BRIEF DESCRIPTION OF DRAWINGS

FIG. 1 is a diagram for explaining a technical overview according to an embodiment of the present disclosure.

FIG. 2 is a block diagram showing a configuration of an information processing apparatus according to an embodiment of the present disclosure.

FIG. 3 is a schematic diagram for explaining an example of the operation of the information processing apparatus according to the embodiment.

FIG. 4 is an example in which a response agent is displayed by the operation of the information processing apparatus according to the embodiment.

FIG. 5 is a diagram showing an operation flow of the information processing apparatus according to the embodiment.

FIG. 6 is a diagram showing an example of a variation example of a display example of the response agent according to the embodiment.

FIG. 7 is a diagram showing an example of a variation example of a display example of the response agent according to the embodiment.

FIG. 8 is a block diagram showing an example of a variation example of a configuration of the information processing apparatus according to the embodiment.

FIG. 9 is a schematic diagram showing an example of a variation example of each agent according to the embodiment.

FIG. 10 is a schematic diagram showing an example of a variation example of control of the response agent according to the embodiment.

FIG. 11 is a schematic diagram showing an example of a variation example of control of the response agent according to the embodiment.

FIG. 12 is a diagram showing an example of a hardware configuration of the information processing apparatus according to the embodiment.
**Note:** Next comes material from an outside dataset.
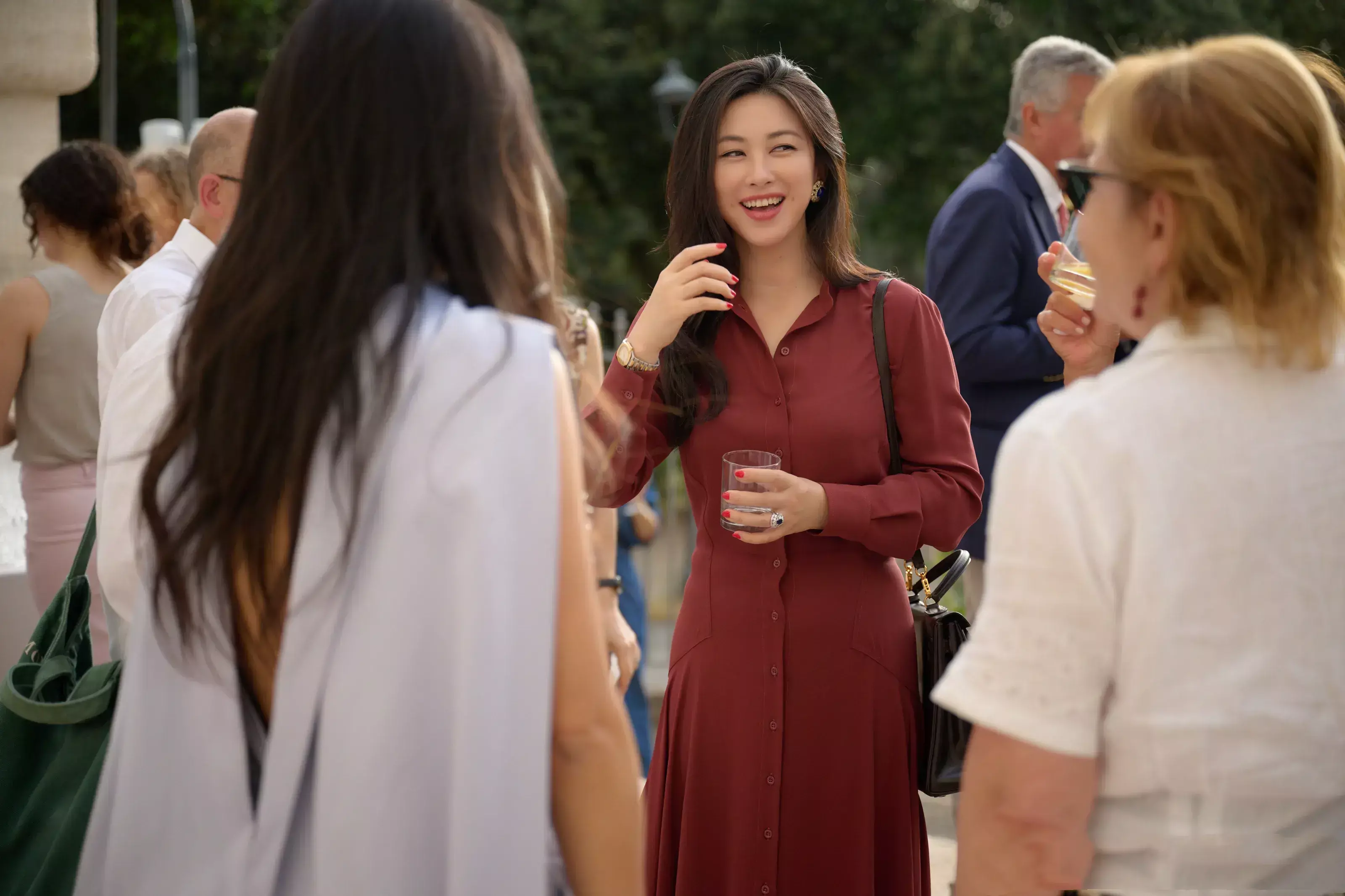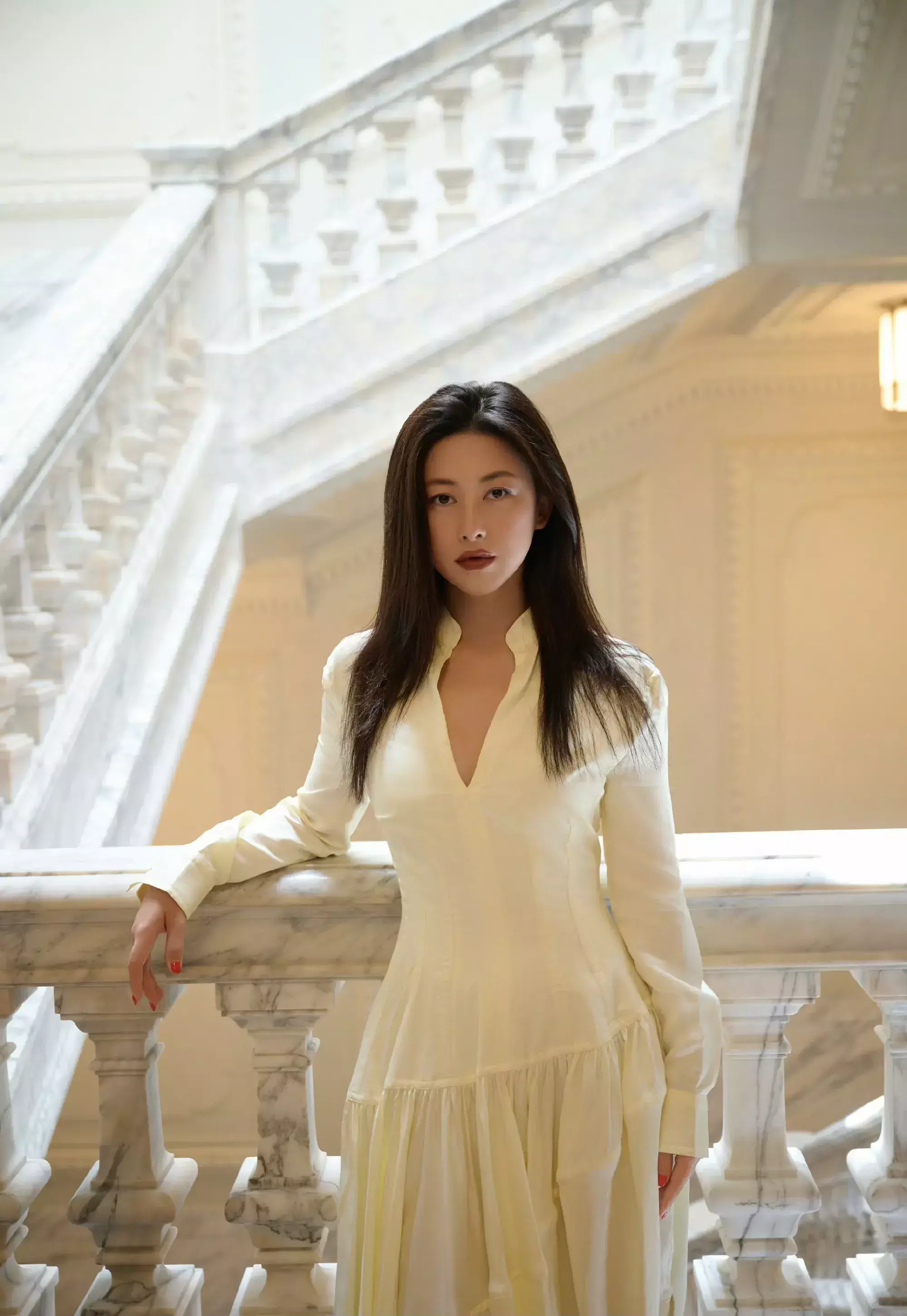 朱珠善于发现自己的优点并放大,她整个人充满自信的魅力,倾向于选择V领设计,以展示迷人的锁骨。

MODE FOR CARRYING OUT THE INVENTION

A preferred embodiment of the present disclosure will be described in detail below with reference to the accompanying drawings. Note that, in the present specification and the drawings, configuration elements that have substantially the same function and configuration are denoted with the same reference numerals, and repeated description is omitted.
Note that the description is given in the order below.

- 1. Technical overview
- 2. Function and configuration
- 3. Operation flow
- 4. Variation examples
- 5. Hardware configuration example

1. Technical Overview

First, an overview of an information processing apparatus that allows a user to give a command to an agent even when the user does not know the type of the agent will be described.
There is a case where an information processing apparatus having a plurality of agent functions recognizes an explicit command and the agent executes processing with respect to the command. For example, when the information processing apparatus or the like recognizes a command such as “Nanako, what's tomorrow's TV program?” as an explicit command, an agent called Nanako is selected, and tomorrow's TV program or the like is presented to the user.
However, in the method described above, the user needs to know that the agent called Nanako has a role of providing information such as a TV program, and it is a heavy burden on the user for the user to know various agents having various roles and give an instruction.
In the technology of the present disclosure, the agent can respond to the user's intention without an explicit command. Description will be given with reference to FIG. 1. FIG. 1 is a diagram schematically showing an overview of an information processing apparatus that allows the user to give a command to the agent.
A user U exists in a space 1. Moreover, the space 1 includes an information processing apparatus 100, a display apparatus 32, and a screen 132. In the technology of the present disclosure, on the basis of an utterance content uttered by the user U, the information processing apparatus 100 processes the utterance content and selects a response agent that responds to the utterance content of the user depending on a response type from a plurality of agents managed by the information processing apparatus 100. Moreover, the information processing apparatus 100 controls the display apparatus 32 and presents a first agent A, which is a response agent, and a response content O_Ato the user U via the screen 132. Therefore, an appropriate agent can respond to the user's intention without an explicit command from the user, and the convenience felt by the user can be increased.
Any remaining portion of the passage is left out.